Kaelen looked at Soulrender, at the blade that promised power and damnation in equal measure. He thought about the Shadow Lord's words: *They all come to me. In time.*

Not yet, he thought. I'm not done being human.

"Alright," he said aloud, drawing the cursed blade. Shadows immediately wreathed the steel, eager and hungry. "Go. I'll hold them off. Just... come back for me, okay? I don't want to survive this alone."

Lia stepped forward and, before Kaelen could process what was happening, kissed him.
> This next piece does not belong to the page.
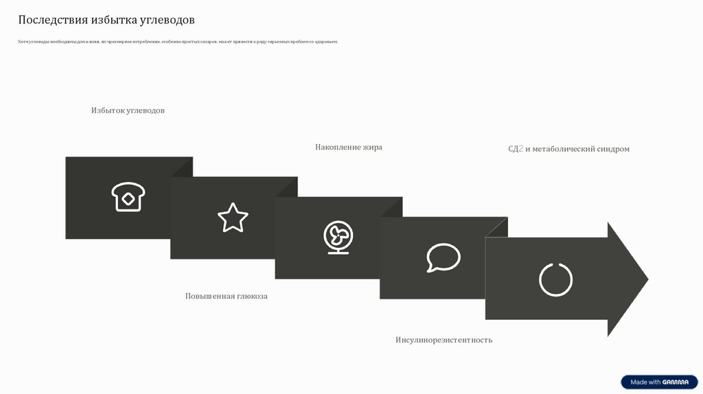 Последствия избытка углеводовХотя углеводы необходимы для жизни, их чрезмерное потребление, особенно простых сахаров, может привести к ряду серьезных проблем со здоровьем.
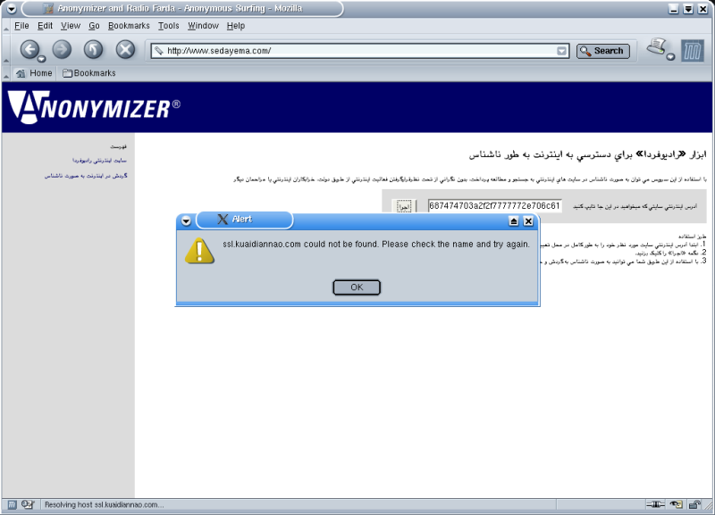 After setting some preferences via a cookie, the request is then redirected once again.POST http://sedayema.com/jump.cgi HTTP/1.1 url=687474703a2f2f7777772e726164696f66617264612e636f6d2f&k=&manual=yes&onclick%3D%27xorValue%28document.menu.url.value%2Cdocument.menu.k.value%29%27=%D8%A7%D8%AC%D8%B1%D8%A7 Location: http://anon.barandaz.com/cgi-bin/redirect.cgi?url=687474703a2f2f7777772e726164696f66617264612e636f6d2f

Brief, fierce, tasting of coffee and desperation and something that might have been hope.

"Don't you dare become a monster," she said when she pulled back. "Don't you dare give up. We're going to figure this out. Together."

Then she was moving, helping Ronan carry the victim toward the back exit, leaving Kaelen alone in the basement with a sword full of shadows and a doorway full of enemies.

The basement door burst open. Cultists poured through, their bone masks gleaming in the runelight, shadow magic crackling around their hands.

Kaelen smiled—a cold, dangerous expression that wasn't entirely his own.

"Well," he said to Soulrender, to the cultists, to the fate that seemed determined to drag him into darkness, "let's see how much I'm willing to pay for victory."

The sword sang with joy, and Kaelen charged into battle.